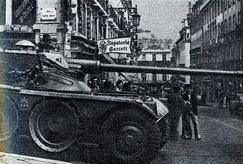 • Восставшие части двигались по Авенида ди Либердади к зданиям Министерства национальной обороны, радиостанции и телеграфа на площади Коммерсио.
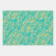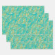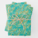 Gold Palm Leaves on Turquoise Wrapping Paper Sheet
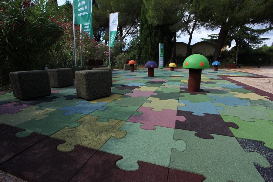 Grazie ad Ecopneus, la società consortile senza scopo di lucro principale operatore della raccolta e del recupero dei Pneumatici Fuori Uso in Italia, è stata realizzata negli anni a Festambiente una vera e propria città della gomma riciclata con tante soluzioni innovative per il divertimento di grandi e piccini: campi da calcio e da basket, l’area minigolf, il parco giochi inclusivo TuttinGioco, la riqualificazione acustica dell’Auditorium, piste ciclabili, arredi urbani e aree relax, tutti realizzati con la gomma riciclata da PFU.

◆ Task to complete ◆
Write out all the material above exactly, with no image carried over.

◆ Exercise solution ◆
 • Восставшие части двигались по Авенида ди Либердади к зданиям Министерства национальной обороны, радиостанции и телеграфа на площади Коммерсио.
 Gold Palm Leaves on Turquoise Wrapping Paper Sheet
 Grazie ad Ecopneus, la società consortile senza scopo di lucro principale operatore della raccolta e del recupero dei Pneumatici Fuori Uso in Italia, è stata realizzata negli anni a Festambiente una vera e propria città della gomma riciclata con tante soluzioni innovative per il divertimento di grandi e piccini: campi da calcio e da basket, l’area minigolf, il parco giochi inclusivo TuttinGioco, la riqualificazione acustica dell’Auditorium, piste ciclabili, arredi urbani e aree relax, tutti realizzati con la gomma riciclata da PFU.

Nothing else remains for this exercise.